The required output is the run of lines from the one holding "避難所となったハルキウの地下" through the final line of the listing, restated word for word, with no pictures.

START Given information

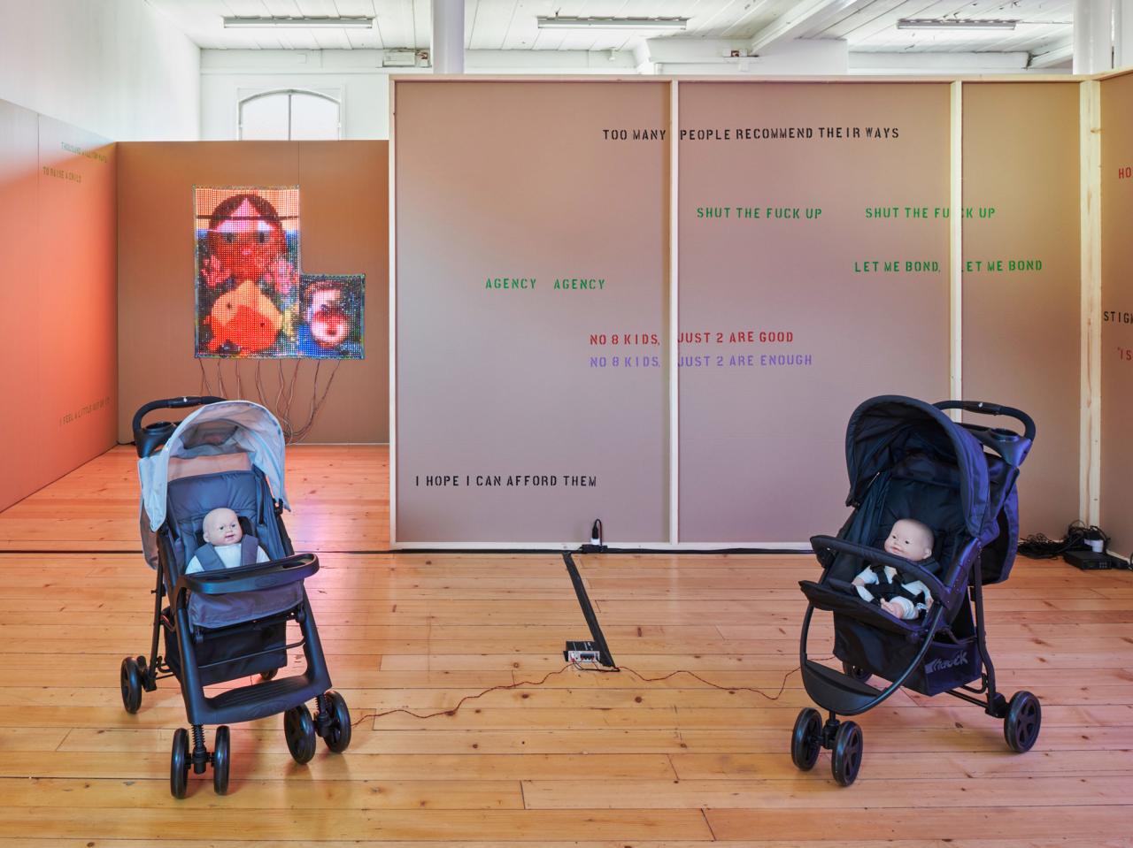 Ei spoke with three artist friends, all painters (Nicole Eisenman, Laura Owens, and Trevor Shimizu), to invite their perspectives on parenthood. He also imagined exchanges with two deceased artists (Alice Neal and Mary Cassat, the latter of whom never had children) in order to understand historical shifts in the model of the artist-parent. He then worked with the artist and composer Celia Hollander to turn these conversations into a libretto for synthetic voices, which sing out from behind LED reproductions of works by each of Ei’s subjects. These “figuring paintings,” as he calls them, are mounted inside a winding cardboard structure whose walls are stamped with the libretto’s lyrics, at the heart of which a circle of plastic babies in strollers debate the logic of their own births.
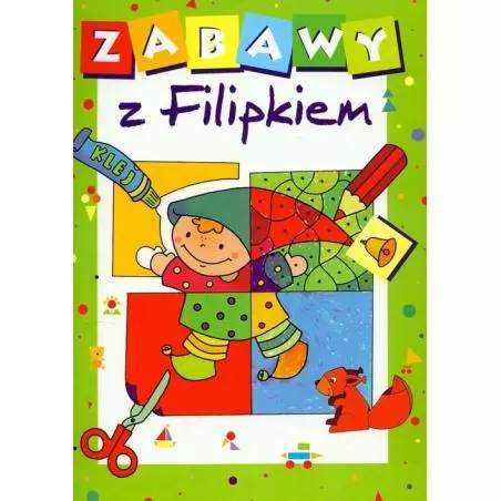 Zabawy z Filipkiem” to atrakcyjna, wyjątkowa książka edukacyjna przeznaczona dla przedszkolaków. Zebrane w niej zadania dają dziecku możliwość wykorzystania wielu różnorodnych technik plastycznych - wykonania prac przestrzennych z tektury, kopiowania na kalce, korzystania z papieru kolorowego i samoprzylepnego. Zachęcają dziecko do wykorzystania takich narzędzi pracy jak klej, nożyczki, kredki.
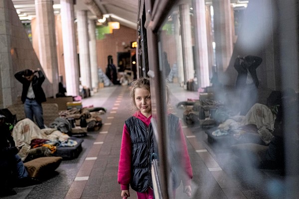 避難所となったハルキウの地下鉄の駅で暮らす9歳のポリーナさん。ウクライナでは770万人の人々が国内避難民となっている。(ウクライナ、4月19日撮影)
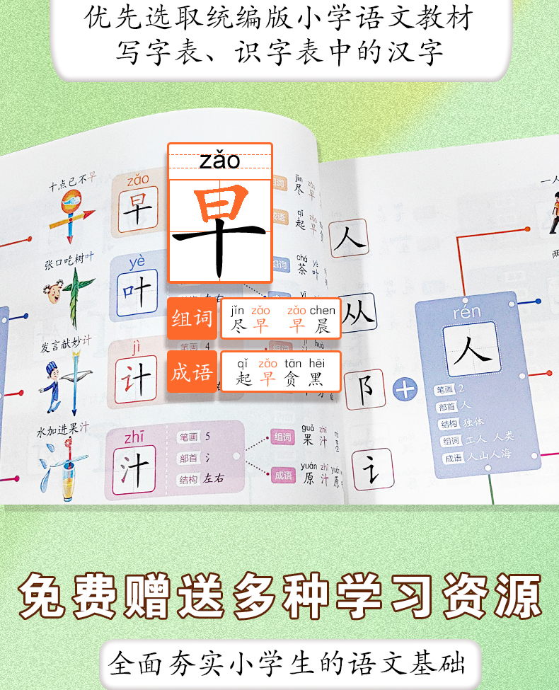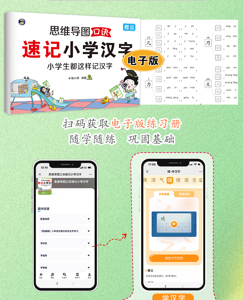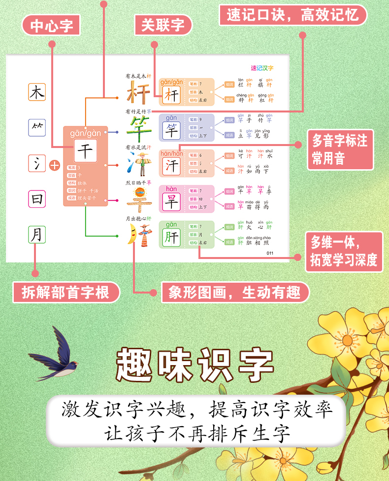 思维导图口诀速记小学汉字秒记通用识字速记汉字通用象形图画汉字书语文科目

END Given information

- [Solution for this task]
 避難所となったハルキウの地下鉄の駅で暮らす9歳のポリーナさん。ウクライナでは770万人の人々が国内避難民となっている。(ウクライナ、4月19日撮影)
 思维导图口诀速记小学汉字秒记通用识字速记汉字通用象形图画汉字书语文科目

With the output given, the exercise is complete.